When I resolve #1986.

[marcospgp]

It seems like there has been a lot of activity mentioning this issue, has it made it into a release yet?

I am seeing an error when importing from a package.json that is one directory above the nearest one, so it seems not, but maybe I should update my yarn.lock.

[ljharb]

Yes, in >= v2.23.0 802ce7d

[marcospgp]

@ljharb But the documentation still seems to imply that only the nearest package.json will be looked at 🧐 is it outdated?

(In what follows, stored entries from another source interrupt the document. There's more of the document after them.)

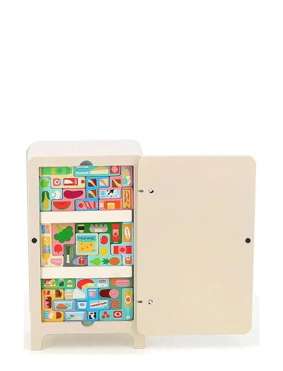 Refrigerator and logic game in one. The fridge can be opened and contains a whole lot of food. Be careful, because once they are unpacked, you have to think logically to make room for all the food again.Avoid driving too many moving loads and see how much furniture will fit in the trailer. Whoever finds room for it all can call himself a Master Mover!Illustrated by Ingela P Arrhenius.Contents: 1 x wooden truck, 19 x illustrated wooden blocks.
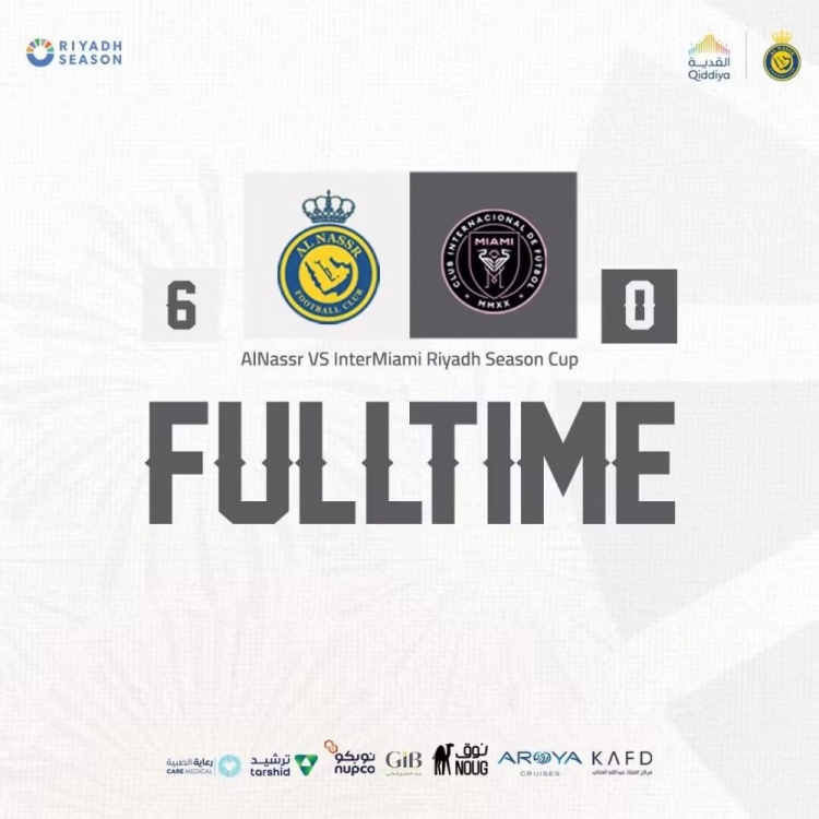 而就在1年前,C罗所在的利雅得胜利和梅西所在的迈阿密国际进行过一场友谊赛,最终利雅得胜利6-0大胜,塔利斯卡戴帽,C罗因伤缺席,梅西第83分钟替补登场。
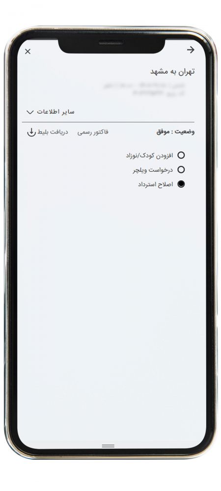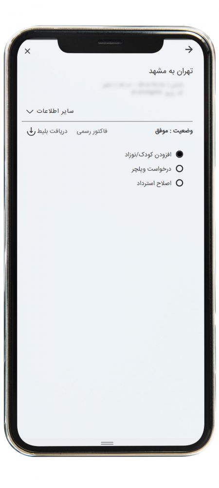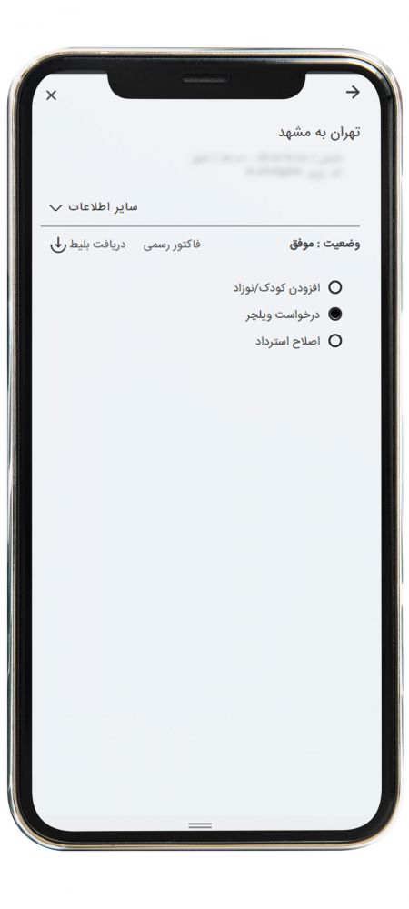 ثبت خواست خدمات ویژه پرواز داخلی از طریق موبایل
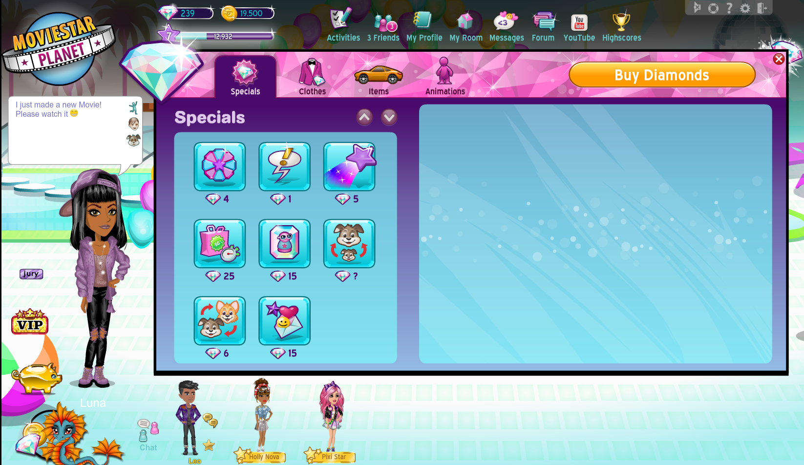 Timanttikauppa on hyvin erityinen paikka MovieStarPlanetissa. Täällä voit käyttää omat Timanttisi! Pääset Timanttikauppaan Shoppailu -alueelta, kun pelaat tietokoneella:
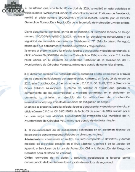 A pesar de la programación de eventos internacionales, el dictamen es taxativo: Se deben “delimitar las áreas que presenten posibles afectaciones estructurales para evitar que la población usuaria acceda”. La autoridad estatal advierte que cualquier omisión a estas medidas de seguridad genera responsabilidades “administrativas, civiles y penales” para los servidores públicos responsables.
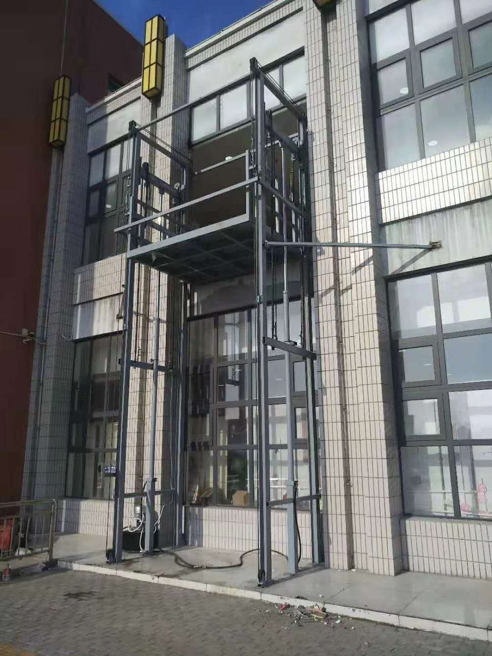 室外導軌式升降貨梯采用液壓油缸作為主要動力,通過重型鏈條和鋼絲繩傳動,室外升降貨梯,保證機器運行的安全。無需地坑和機房,特別適合于有地下室、倉庫改造、新建貨架等,具有安裝維修方便、美觀、安全、操作方便。為減小滾輪壓力,同時為了保障提升導軌式升降貨梯護欄有一定的防護高度,將上下導向滾輪距離設定為其結構范圍內的值,使物料平車有一定的導向高度,使車輪受力合理,運行更平穩。物料平車上裝有上、下側滾輪,能避免物料放置不對稱而使液壓升降機運行不穩。
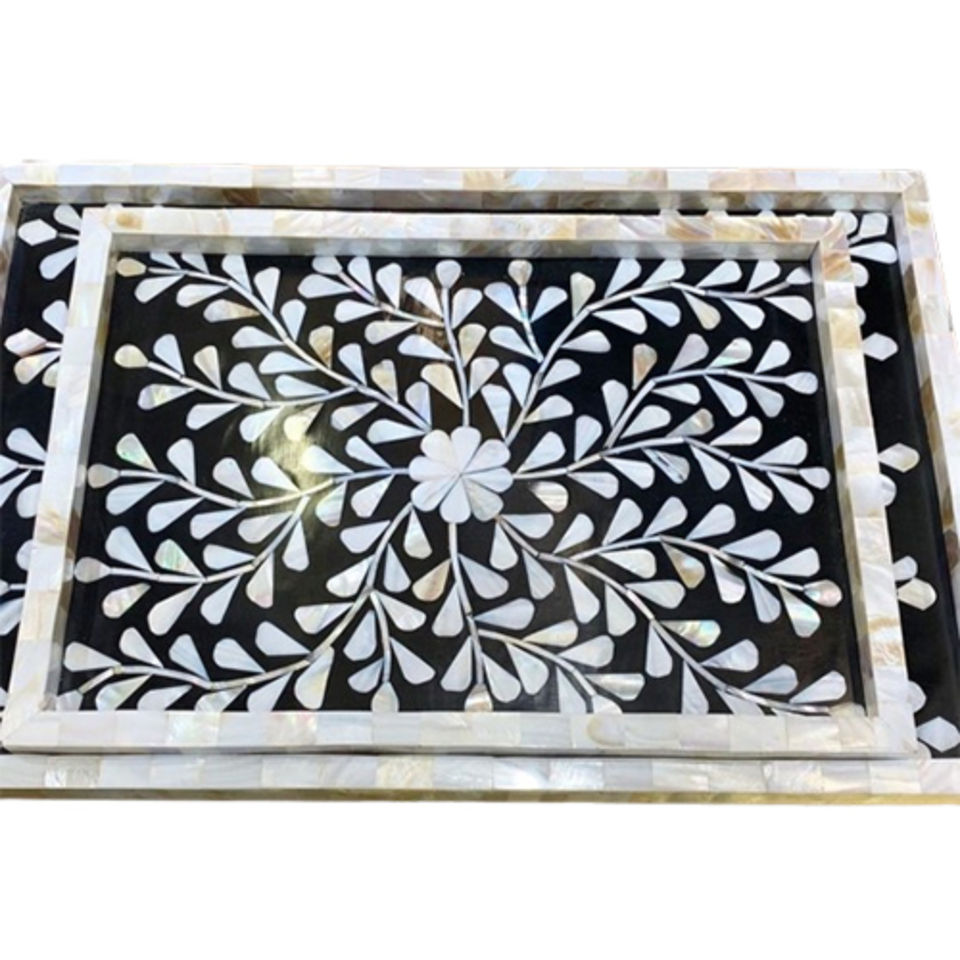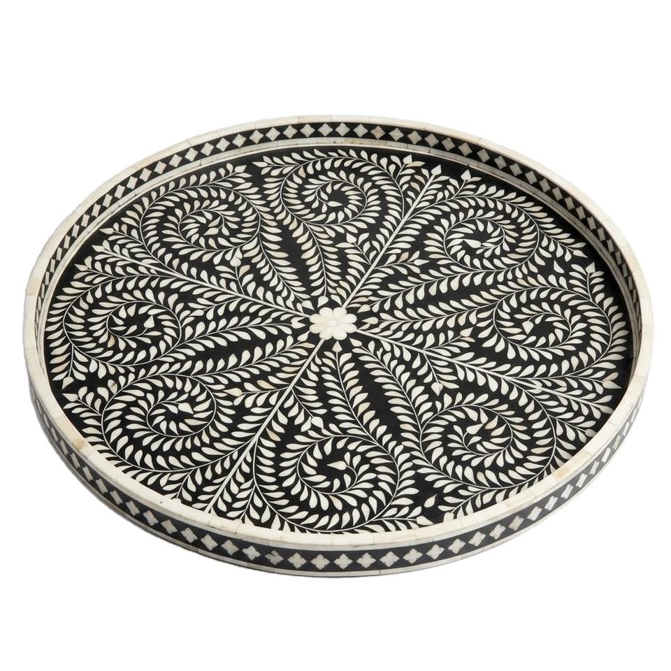 Handmade Mother Of Pearl Inlay Round Serving Tray Black Floral Pattern Bone Inlay Decorative Tray For Coffee Table Home Kitchen
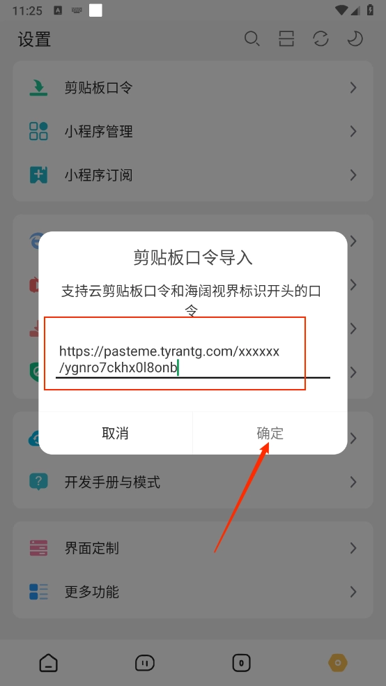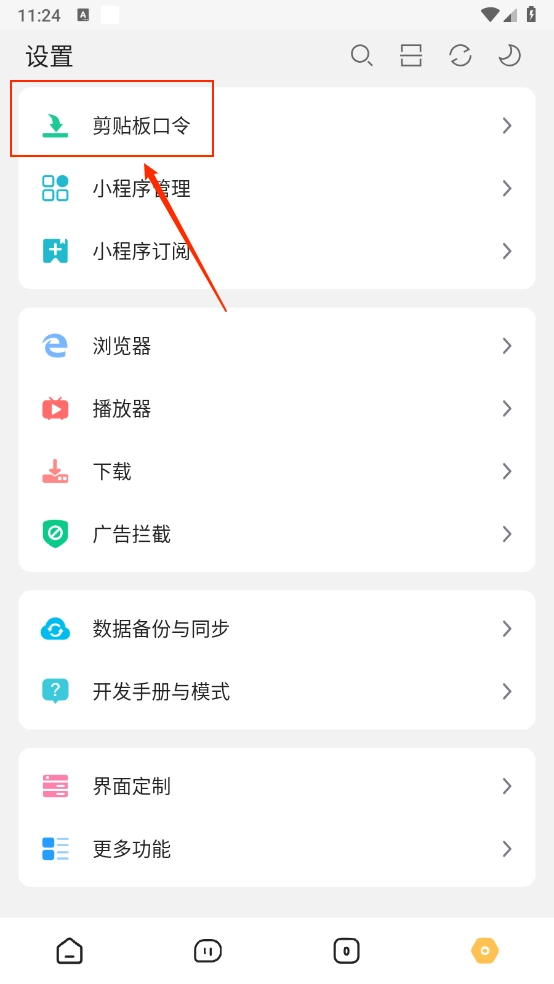 在设置页面点击"剪切板口令"一键打开。
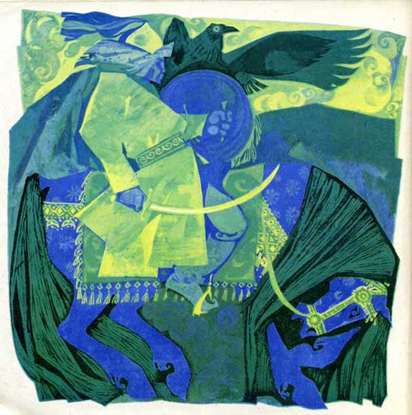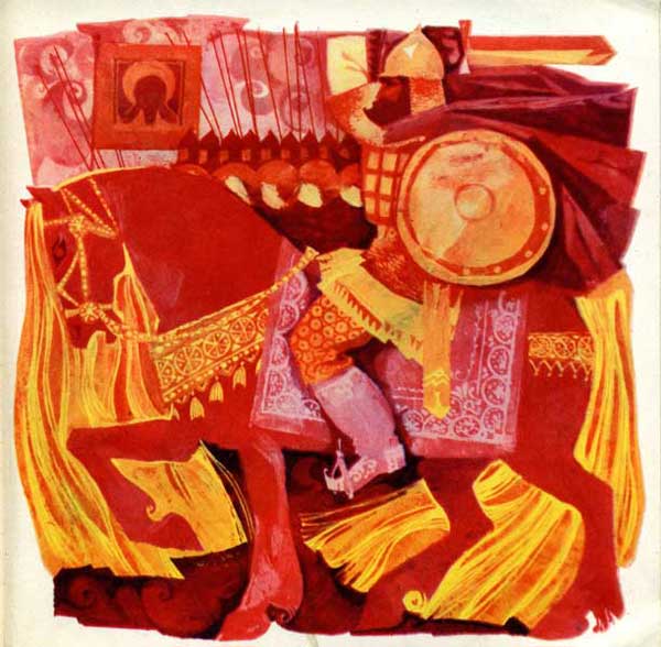 Опоясался он мечом своим широким и поехал в заставу городецкую, а за ним и войско пошло и другие богатыри, нехотя, поехали.
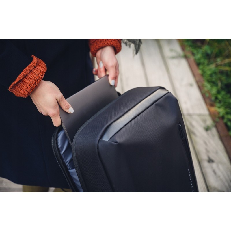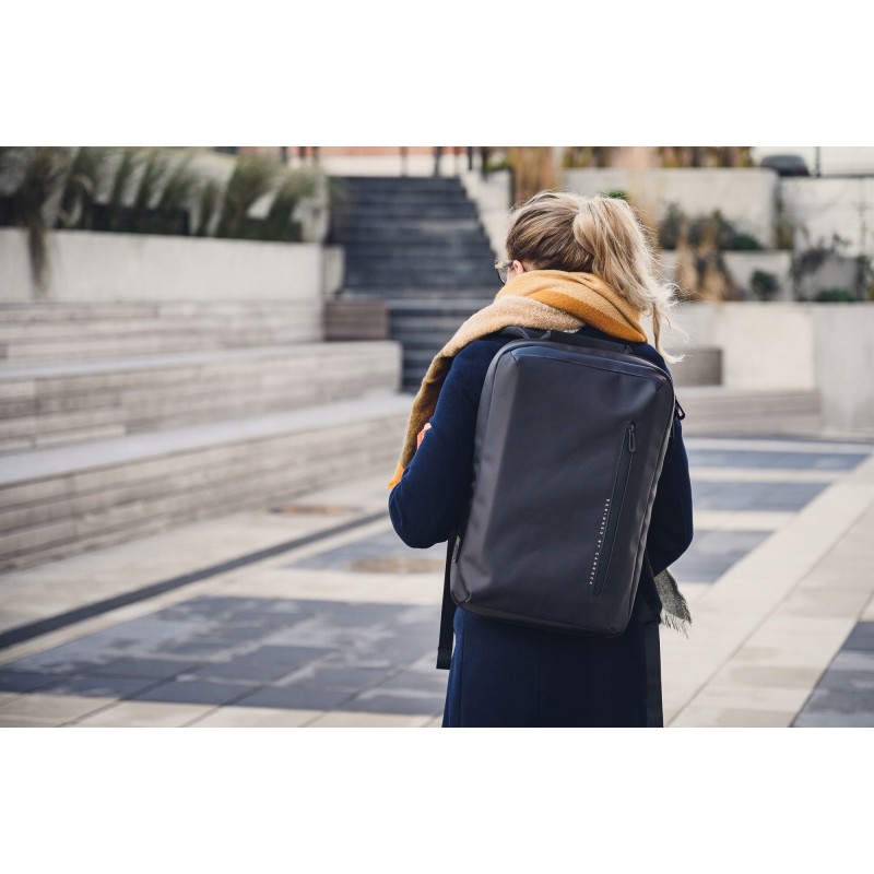 Plecak waży jedynie 840 g, jest niezwykle smukły i elegancki. Jego design świetnie sprawdzi się w połączeniu z bardziej formalnym strojem biznesowym w trakcie podróży służbowych. Nowoczesny wygląd doskonale wkomponuje się w klimat dużego miasta.

https://github.com/import-js/eslint-plugin-import/blob/main/docs/rules/no-extraneous-dependencies.md?plain=1#L6

[beanaroo]

Yes, in >= v2.23.0 802ce7d

We still face this error when using v2.27.5 with npm workspaces when dependencies are declared at the root package.json level. Is this worth opening a separate issue?

[awdyson]

I've got a main file + file-per-package setup like this:

/* src/package/some-package */

// @ts-check
/** @type {import('eslint-define-config').ESLintConfig} */
module.exports = {
  extends: ['../../.eslintrc.cjs'],
  parserOptions: {
    project: ['./tsconfig.json'],
  },
  rules: {
    'import/no-extraneous-dependencies': [
      1,
      {
        devDependencies: false,
        includeInternal: false,
        includeTypes: false,
        packageDir: ['.', '../..'], // <--- the key addition
      },
    ],
  },
};

Plus this seemed to be the easiest way to set the project for TS to lower processing time.